Ppbv-Level Ethane Detection Using Quartz-Enhanced Photoacoustic Spectroscopy with a Continuous-Wave, Room Temperature Interband Cascade Laser
by
,
Chunguang Li
1,2,3,4,5, 
Lei Dong
2,3,*
,
Chuantao Zheng
2,5, 
Jun Lin
4,
Yiding Wang
5 and
Frank K. Tittel
2
1
College of Biological and Agricultural Engineering, Jilin University, Changchun 130022, China
2
Department of Electrical and Computer Engineering, Rice University, 6100 Main Street, Houston, TX 77005, USA
3
State Key Laboratory of Quantum Optics and Quantum Optics Devices, Institute of Laser Spectroscopy, Shanxi University, Taiyuan 030006, China
4
National Engineering Research Center of Geophysics Exploration Instruments, College of Instrumentation & Electrical Engineering, Jilin University, Changchun 130061, China
5
State Key Laboratory on Integrated Optoelectronics, College of Electronic Science and Engineering, Jilin University, Changchun 130012, China
*
Author to whom correspondence should be addressed.

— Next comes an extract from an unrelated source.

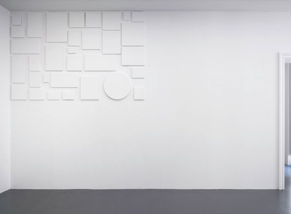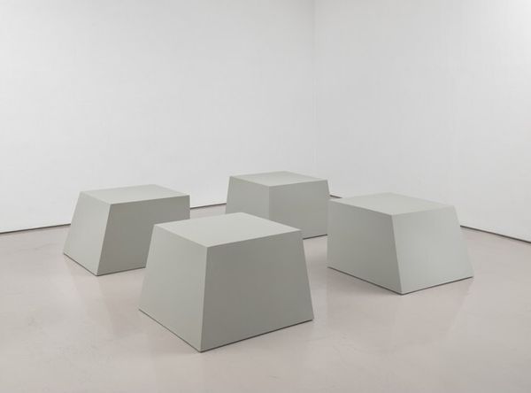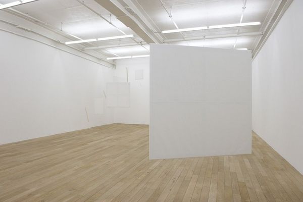 Curator: Here we have Claude Rutault’s "dé-finition/méthode #4: peint / repeint (‘la france défigurée’ 1969) / non peint," created in 1973. What strikes you about this piece? Editor: Well, initially it reads as incredibly simple – three square canvases, two white, one a drab brown. But the placement, the leaning canvas… it hints at something more than just minimalist aesthetics. There's a suggestion of labor, a pause in activity perhaps. Curator: Rutault’s work challenges traditional painting conventions. His "définitions/méthodes" are sets of instructions, a conceptual framework. In this piece, it seems, the artist uses the gallery space itself to complete the work. Editor: Instructions... so this arrangement, this particular installation is just one possibility then? I like the idea of the gallery walls as material too, a supporting element, and how the piece makes you very aware of the gallery as a site. Curator: Precisely! It speaks volumes about the institutional framing of art. "La France Défigurée", or "France Disfigured," suggests a societal critique from 1969, perhaps alluding to the sociopolitical upheavals of that period. And then in '73 it is ‘repainted’. What changed between then and now? Editor: That’s where the material element pulls me in. What kind of paint, what are the canvases made of? The act of painting and repainting… it becomes about the physical process and almost performance of it, labor made visible. Is this piece about exhausting and reclaiming materiality and what it means? Curator: Or about highlighting absence? Notice how the third canvas isn’t painted. Perhaps this calls into question the very idea of what constitutes a finished work of art? It leaves us in a space of questioning... Editor: Yes, I like that thought; instead of seeing absence as nothing, but considering what it enables – almost highlighting our contribution of what we bring to the piece by questioning. It definitely destabilizes the preciousness we often ascribe to art objects. I'm now seeing something past the color and technique, thanks. Curator: And on my side, thanks to your questions regarding labor, I am compelled to ask how different social circumstances affected the process, in turn reflecting what the institution wanted of Rutault’s production in this time period. Food for thought for our listeners.

Sensors 2018, 18(3), 723; https://doi.org/10.3390/s18030723
Submission received: 1 February 2018
/
Revised: 20 February 2018
/
Accepted: 23 February 2018
/
Published: 28 February 2018
(This article belongs to the Special Issue Spectroscopy Based Sensors)
Abstract
:A ppbv-level quartz-enhanced photoacoustic spectroscopy (QEPAS)-based ethane (C2H6) sensor was demonstrated by using a 3.3 μm continuous-wave (CW), distributed feedback (DFB) interband cascade laser (ICL). The ICL was employed for targeting a strong C2H6 absorption line located at 2996.88 cm−1 in its fundamental absorption band. Wavelength modulation spectroscopy (WMS) combined with the second harmonic (2f) detection technique was utilized to increase the signal-to-noise ratio (SNR) and simplify data acquisition and processing. Gas pressure and laser frequency modulation depth were optimized to be 100 Torr and 0.106 cm−1, respectively, for maximizing the 2f signal amplitude. Performance of the QEPAS sensor was evaluated using specially prepared C2H6 samples. A detection limit of 11 parts per billion in volume (ppbv) was obtained with a 1-s integration time based on an Allan-Werle variance analysis, and the detection precision can be further improved to ~1.5 ppbv by increasing the integration time up to 230 s.
1. Introduction
Ethane (C2H6) is one of the most abundant non-methane hydrocarbon in the atmosphere that strongly affect both atmosphere chemistry and the climate [1,2]. C2H6 usually originates from fossil fuel and biofuel consumption. Hence, C2H6 detection at low concentration levels is very important in environmental monitoring [3,4]. Furthermore, ultra-sensitive detection of ethane can be applied to breath analysis as a non-invasive medical diagnostic method for identifying and monitoring C2H6 concentration levels in the exhaled breath of patients, such as the identification of asthma by the detection of C2H6, which is generated by oxidative stress [5], the measurement of exhaled C2H6 as a direct biomarker of schizophrenia due to increased n − 3 lipid peroxidation [6], and, in the analysis of lung cancer, by detecting C2H6 as a marker of oxidative stress [7].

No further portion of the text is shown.